After all, NATO is a defensive alliance that exists to ensure the security of its members. And it should be emphasized that over the past year, the organization has coped with this remarkably well. Despite loud (and provocative) attempts by NATO members to help Ukraine's military efforts, the territory of the alliance itself has not been subjected to a single attack by Russia. On the contrary, the alliance successfully restrains Russian aggression and serves as the main guarantor of the security and survival of its members.
It is hard to believe (although many thought so) that with the adoption of Ukraine, the overall security of the alliance will increase. Although Kiev would certainly breathe a sigh of relief, having finally received the coveted package of security guarantees, but in this case the remaining 30 members of the alliance (32, if Sweden and Finland still get permission and join it) would be under a much greater threat of war with Russia, which has nuclear weapons. It is unlikely that NATO members will readily accept such a chronic vulnerability.

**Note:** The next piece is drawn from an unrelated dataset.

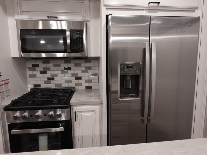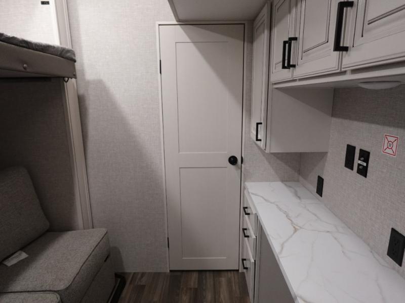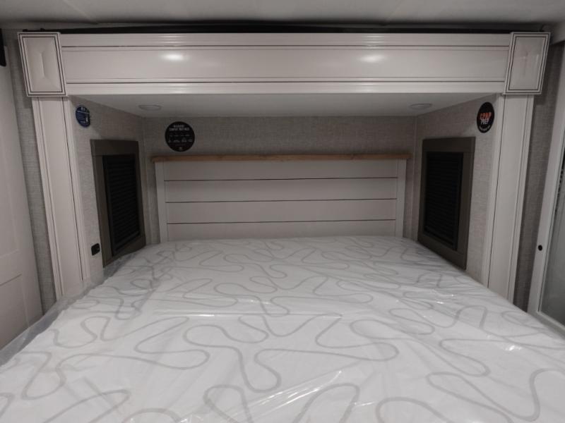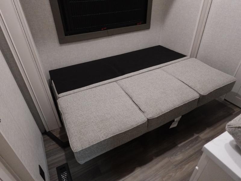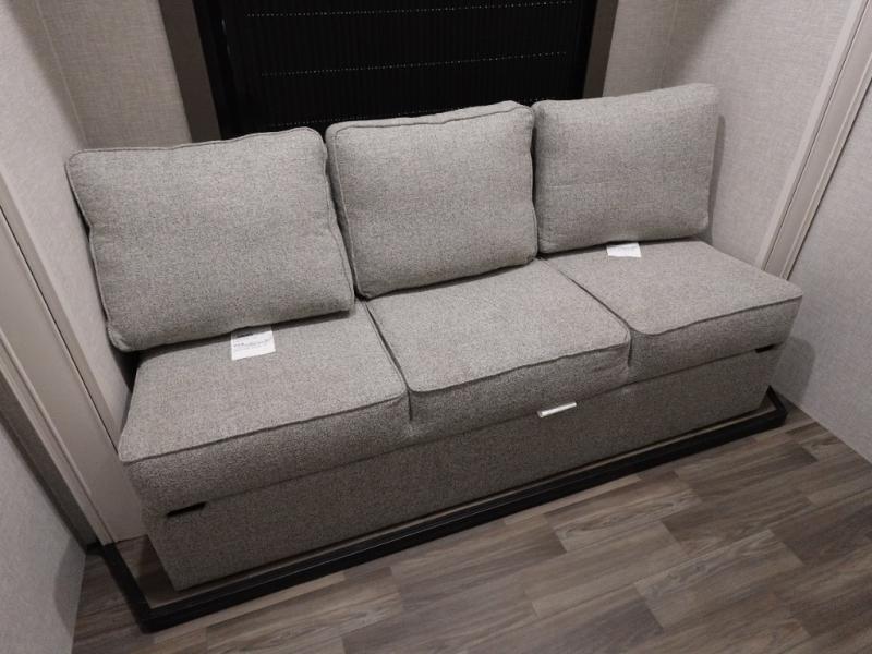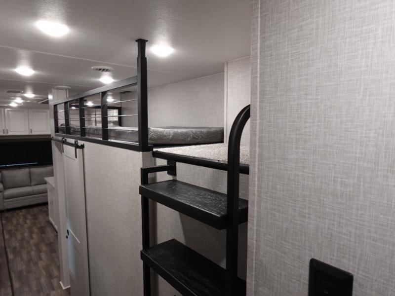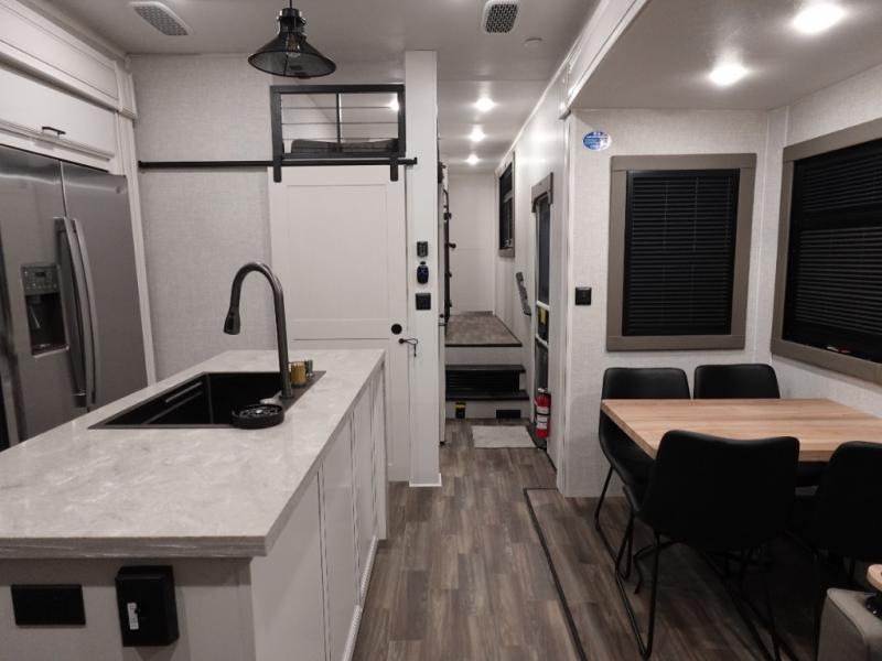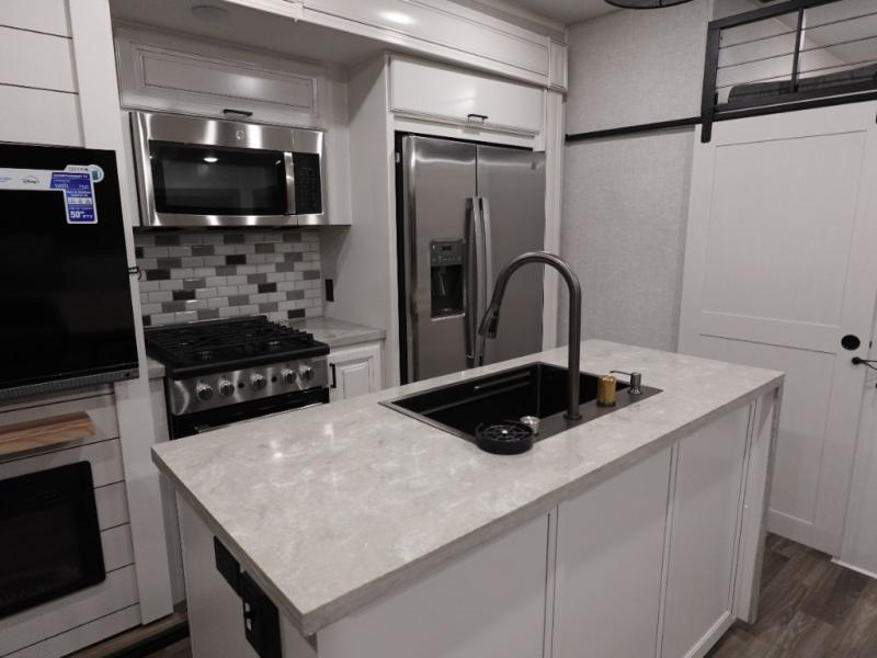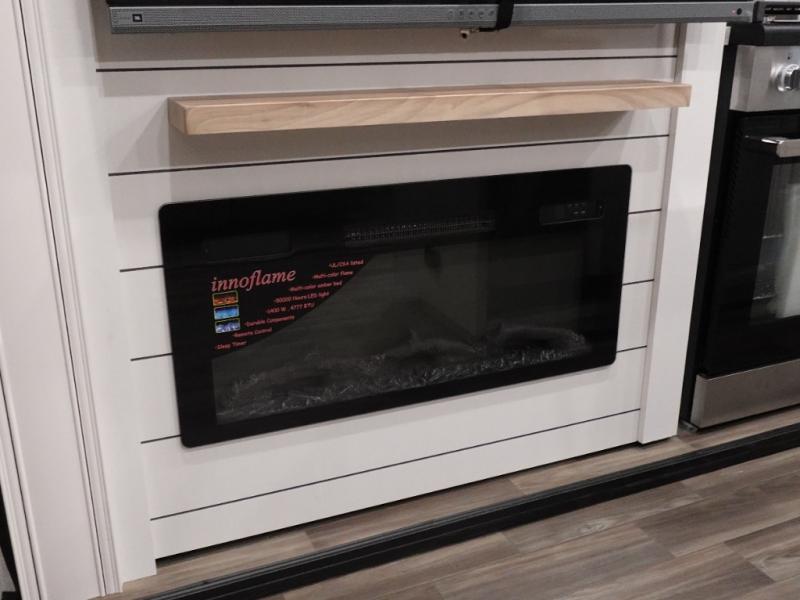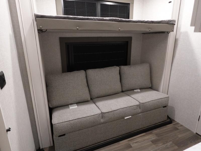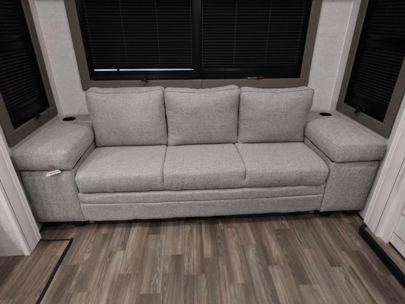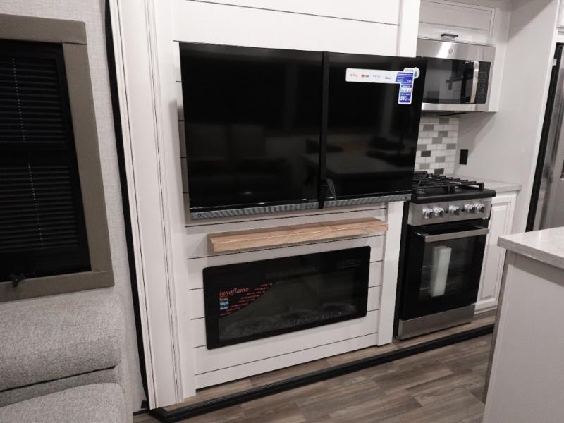 You won't even feel like you are camping in this fifth wheel! The rear living area features theater seats as well as a tri-fold sofa with adjustable headrests. It's the perfect place to watch a movie with the Smart entertainment HDTV that has Bluetooth, soundbar, and built-in stereo, plus there is a cozy fireplace! The kitchen includes a full suite of GE residential appliances, including a 4-burner range, 21 cu. ft. refrigerator, and over-the range microwave. Also standard are a dishwasher and central vacuum system so cleaning up is easy! At night retire to the bedroom with its king bed with power base slide. A second TV lets you watch your favorite shows as you fall asleep. Storage abounds including a full wardrobe and dresser with pull-out top. A dual-entry full bath is easily accessible and includes even more storage with a linen closet. The second bedroom has slide that houses a flip-up bunk above a bi-fold sofa and a desk/dresser with overhead storage, and above it all is a loft for extra sleeping or storage space!

For these reasons, Kissinger's thinking should be treated with a healthy dose of skepticism. Membership in NATO does not shine even close to Ukraine.
But it is not completely excluded.
Membership in NATO would become likely only if there is a decisive turning point in favor of Kiev in the current conflict. Ukraine will have good reasons to join the alliance triumphantly if, for example, its forces manage to expel Russian troops from every inch of Ukrainian land, if Moscow plunges into political chaos (up to a change of government) or if the Russian economy begins to collapse and the country plunges into an all-consuming crisis. In such scenarios, there will be nothing to be afraid of Russia (at least at that time), so a window of opportunity will open for Ukraine.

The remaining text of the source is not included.